I'm primarily a Linux user who's been using vim for years, but when I started using Eclipse and then IntelliJ to develop for Android I realised how powerful an IDE can be. Fortunately most IDEs have decent vi emulation modes or plugins, otherwise I'm sure I'd find vim more productive overall. But for C++ I've come back to the vim fold, taking some time to study more of its features I was missing out on and getting used to the way it works with multiple "windows" (ie divisions within one GUI window), and especially setting up the youcompleteme plugin.
A lot of this is down to disappointment with XCode when I got a Mac. Most of the refactoring functionality isn't available for C++, I suppose it only works for Objective C or Swift. When using autocomplete on function calls it inserts arguments in non-valid C/C++ (Objective C again?) and has me fighting with it, although that could partly be down to a conflict with the XVim plugin. And there's no hint of being able to suggest corrections for errors like you get with the Java IDEs above.
A lot of this can be down to Java being more amenable than C++ to auto-detecting what you want to write, but I was wondering how MSVC compares. My experience of it is limited to checking whether some code I'd written on Linux would build with MSVC and run on Windows. That was before they freed up the full version, so I couldn't install a vi plugin and kept editing to a minimum. But I got the impression that, like XCode, it wasn't very flexible about coding style etc. Is it better than XCode for auto-completion and refactoring etc of C++? Does it only do those things as well as the Java IDEs if you're writing C#?

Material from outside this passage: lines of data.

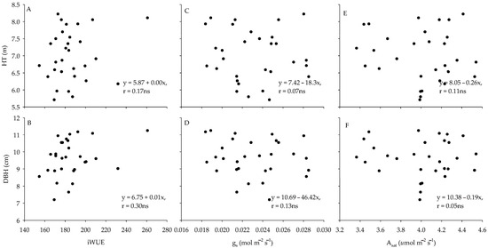 Relationships among HT with iWUE (A), gs (C) and Asat (E), and among DBH with (iWUE (B), gs (D) and Asat (F)). Each data point represents average values for 30 families across the three sites. In the inset equation of each panel, ns means ”statistically non- significant”.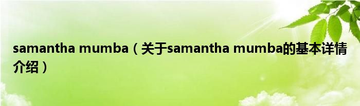 本文关于samantha mumba的基本详情介绍就讲解完毕,希望对大家有所帮助。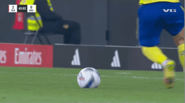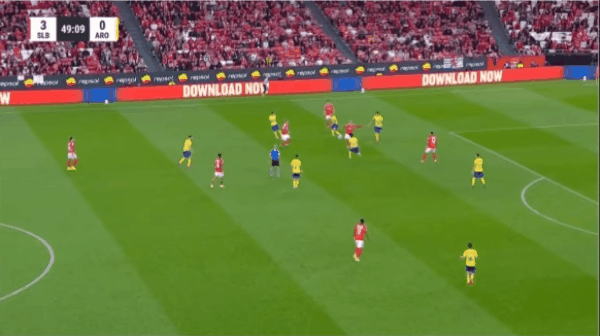 62’ biển cảnh báo vi phạm Prestiani (Benfica)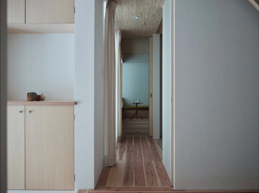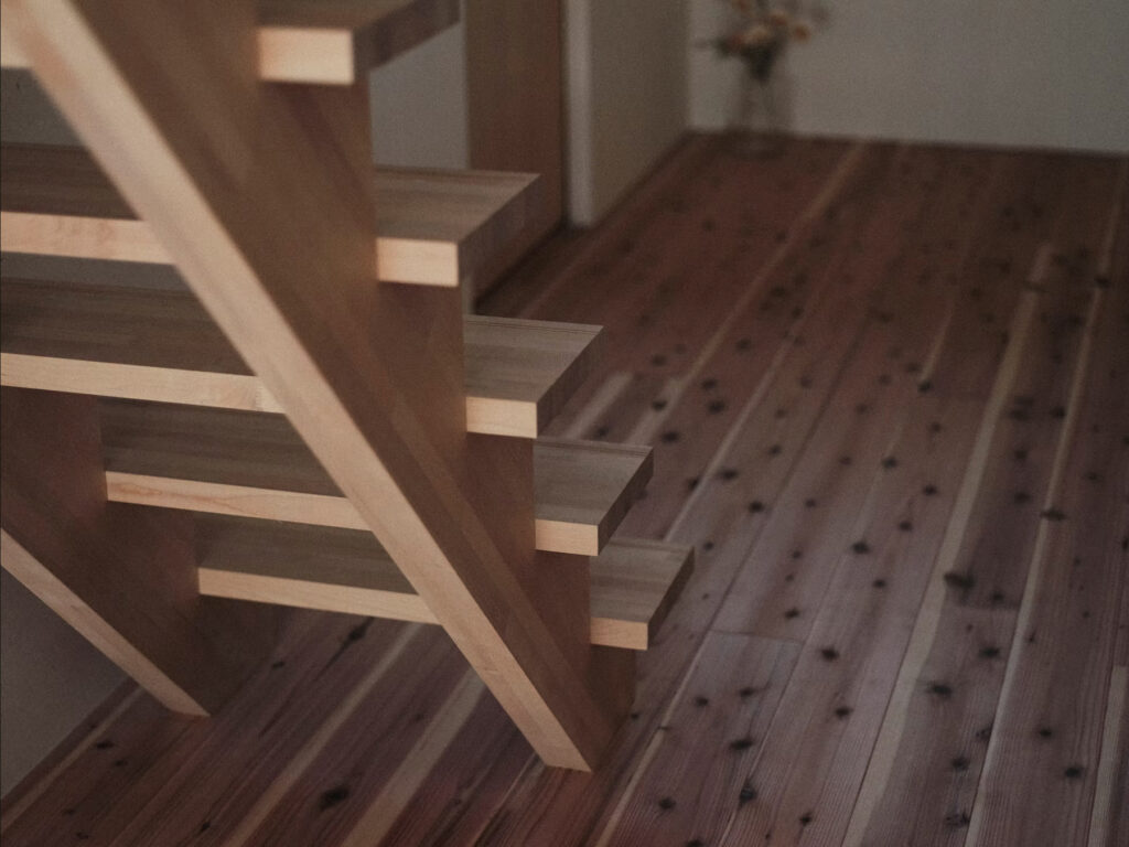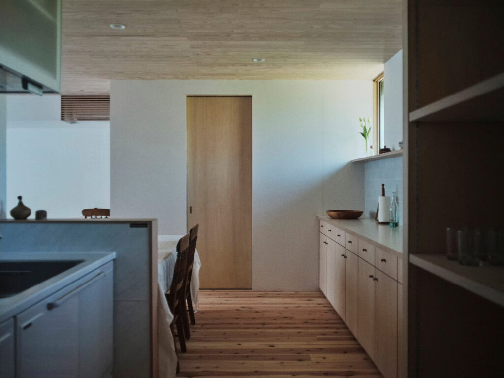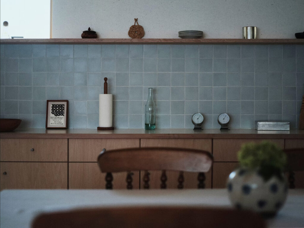リネンコットンのソファクッションや陶器のソケット、100角タイルのキッチンなど、意匠の細部にまでこだわりが息づく空間。丁寧に造作された家具が調和をもたらし、シンプルながらもあたたかみのあるデザインが日々の暮らしに心地よいリズムをもたらします。自然素材の風合いが時とともに深まり、長く住み継げる住まいとなっています。

Vim's main weakness is its "QuickFix" list for jumping to compile-time errors; C++ can generate monster reports which are nigh impossible to follow in vim. But I only recently discovered the :copen command which I'm sure will help a lot. Having youcompleteme highlight most errors before I compile is a huge help too. But some errors can't easily be detected until the full build process due to template instantiation, and those tend to be the biggest monsters.